I remember what life was like before my divorce... I had the privilege of identifying myself as a married woman; a wife with a husband and a home. I was Catholic and proud to be one. I felt a calling to become an even better Catholic through my vocation to marriage. I was a normal part of my neighborhood which was filled with families. My nieces and nephews would come to visit and it always made me feel good that they called my husband "uncle." It seemed I was doing everything right and could hold my head up high.
Then came the day when the label "divorced" was harshly slapped upon me. And believe me, it was a harsh slap.
The life I loved and recognized was gone. Everything had changed, and one of the most difficult aspects of these changes was the way people thought of me... oftentimes by people who didn't know my story or had any clue what I had been through.
Many people find themselves in the position I just described. Some had no option but to divorce, and some had no say in their divorce. Regardless, they now have to rebuild their lives, which is challenging to say the least, and the annulment process isn't always the first thing to follow.
Sometimes, other things must come first like settling in a new location or working through the details of child custody. Some dioceses even have a waiting period before you can file after receiving a decree of nullity. So, if you're in this position, you become DBNA (divorced, but not annulled) by default.
At this point, it's fairly typical that your new state in life becomes difficult and awkward. You might feel more comfortable staying away from other people because they might judge you or you might be tired of having to explain your circumstances.
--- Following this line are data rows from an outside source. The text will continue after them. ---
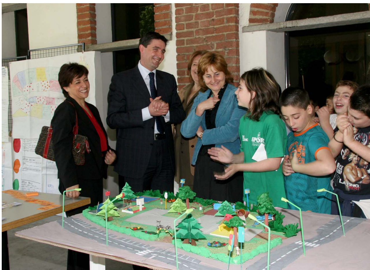
“L'assessora Bruna Brembilla ha partecipato al gioco creato dai ragazzi e dalle ragazze di Senago”

Questi lavori sono stati presentati all'Assessora all'Ambiente della Provincia di Milano Bruna Brembilla durante la festa conclusiva di Pegaso che si è tenuta al Parco di Villa Monzini a Senago il 26 maggio 2006.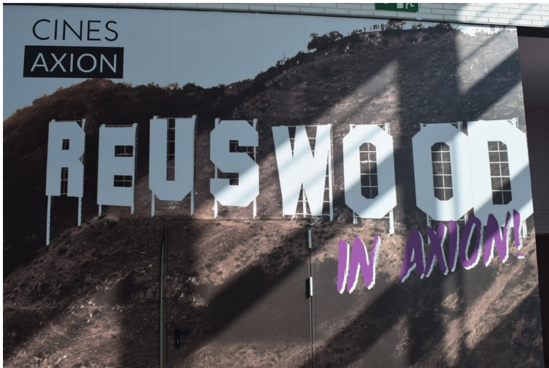
El juliol de 2017 es va anunciar l'obertura dels cinemes Axion a La Fira Centre Comercial de Reus

La firma, d'origen valencià, es va instal·lar al recinte dos anys de la inauguració del complex. De fet, des La Fira sempre es va assenyalar que les sales de cinema havien de ser el "complement idoni" a l'oferta d'oci del centre comercial, a la planta superior, on hi ha bars i restaurants i un espai de lleure. L'aterratge d'Axion a la nostra ciutat es va incloure en el marc de la seva política d'expansió arreu de l'estat. La inversió a Reus va ser d'1,8 milions d'euros, i la programació prevista passava per projectes estrenes comercials, pel·lícules en 3D i altres esdeveniments.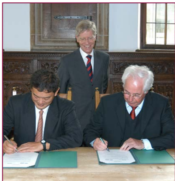
Feierliche Besiegelung der Partnerschaft mit dem Kanazawa Century College.

Maybe you stay away from social functions or no longer participate in your parish community. You might not feel like talking much to your neighbors or going to lunch with co-workers.
But you, as a human being, aren't hard wired for this type of life. You need a community of peers that provide a loving and safe environment. Being a part of a community after divorce is essential.
Our society is built on families, and associations between families. Day to day, you are a member of different communities; sports leagues, parishes, PTA, business associations, book clubs, neighborhoods, etc. and they all play a role in forming who you are.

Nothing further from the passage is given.